10 phrases emotionally guarded people use to keep others at arm’s length

Ava Sinclair by Ava Sinclair | June 19, 2024, 8:06 am

Ever met someone who seems to push others away without being rude?

They’re not mean or antisocial, they’re just careful about who gets close to them. They’re what we call ’emotionally guarded’.

To understand an emotionally guarded person, you need to listen to their words.

They often use certain phrases that help them maintain distance from others.

In this article, we’re going to explore these phrases.

So, get ready for a trip through the language of the emotionally guarded.

1. “I’m fine”

This phrase might be the most common one that emotionally guarded people use.

On the surface, it might seem like a casual response to a “How are you?” But, when an emotionally guarded person says “I’m fine,” it often means they’re not ready to share their feelings or they’re trying to avoid a deeper conversation.

It’s their go-to phrase to keep things on a surface level and maintain their emotional distance.

2. “I don’t need help”

Emotionally guarded people value their independence a lot. They often feel that asking for help or support may make them vulnerable or it can be a sign of weakness.

So, when they say, “I don’t need help,” it’s another way of them stating that they’d prefer to handle things on their own. This phrase allows them to keep their problems to themselves and maintain a safe distance from others.

3. “I prefer to be alone”

One thing I’ve noticed about emotionally guarded people, including myself at times, is their tendency to choose solitude over socializing.

There’s a simple phrase we often use: “I prefer to be alone.” It’s not that we don’t enjoy company, but we often find comfort and peace in our own space.

This phrase helps us maintain our emotional boundaries and gives us the time and space to process our feelings privately.

4. “I don’t like to talk about myself”

Did you know that people who are emotionally guarded often find it difficult to talk about themselves? This is because sharing personal information can feel like giving away a piece of their privacy.
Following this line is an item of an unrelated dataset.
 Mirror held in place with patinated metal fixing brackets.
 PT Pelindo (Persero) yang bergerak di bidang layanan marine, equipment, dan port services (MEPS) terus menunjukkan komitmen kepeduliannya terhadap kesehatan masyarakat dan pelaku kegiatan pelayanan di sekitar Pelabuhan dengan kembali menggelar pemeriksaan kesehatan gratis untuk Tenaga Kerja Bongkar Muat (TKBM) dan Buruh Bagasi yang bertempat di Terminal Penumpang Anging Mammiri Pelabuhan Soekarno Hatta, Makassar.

So when they say, “I don’t like to talk about myself,” it’s their way of protecting their inner world. This phrase helps them create a boundary between them and others, keeping their personal life and emotions out of the conversation.

5. “It’s not a big deal”

When emotionally guarded people face problems or emotional turmoil, they often downplay it with phrases like, “It’s not a big deal.”
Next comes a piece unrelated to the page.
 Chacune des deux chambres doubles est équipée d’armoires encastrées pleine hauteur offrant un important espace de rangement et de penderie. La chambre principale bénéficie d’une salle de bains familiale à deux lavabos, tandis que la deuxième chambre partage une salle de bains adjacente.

This isn’t because they’re void of feelings or don’t acknowledge their pain. In fact, it’s quite the opposite. They feel deeply, but they choose to bear their burdens alone, fearing that sharing might burden others or expose their vulnerabilities.
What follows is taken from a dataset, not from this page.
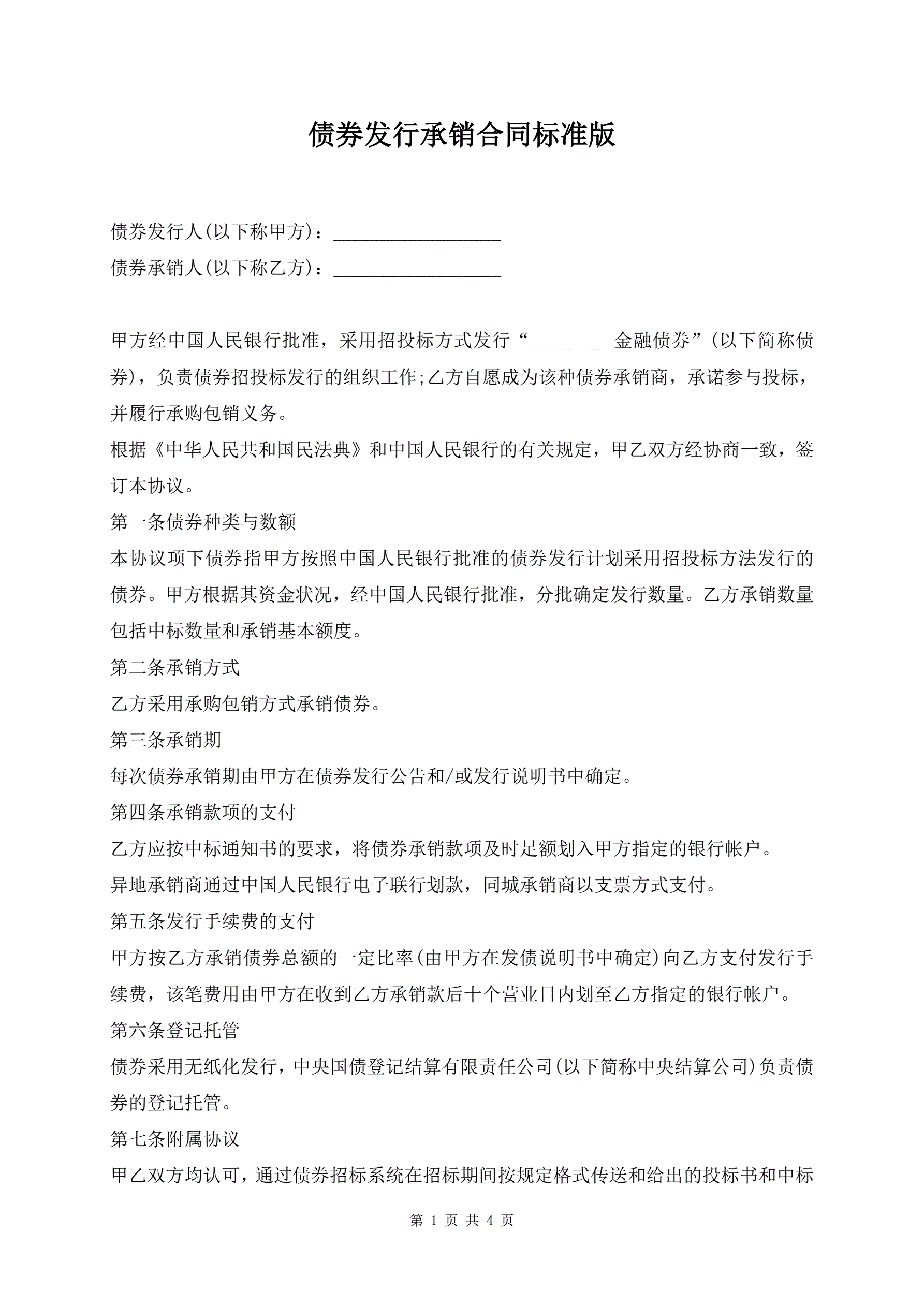 >债券发行承销合同标准版

This phrase is their shield, their way of saying, “I’ve got this,” even when their heart might be heavy.

6. “I don’t want to bother you”

One phrase I often find myself saying is, “I don’t want to bother you.”

As an emotionally guarded person, I sometimes feel that sharing my problems or concerns with others might be an imposition. So, I tend to keep things to myself. This phrase is my way of keeping my worries within my own walls and not letting them spill over into my relationships. It’s about maintaining a boundary, but also trying not to burden others with my issues.

7. “I’m not good at expressing my feelings”

The raw truth about emotionally guarded people is that we often struggle to express our feelings. It’s not that we don’t feel, oh we do, but putting those feelings into words? That’s a whole different game.

So when you hear us say, “I’m not good at expressing my feelings,” it’s our honest admission of this struggle.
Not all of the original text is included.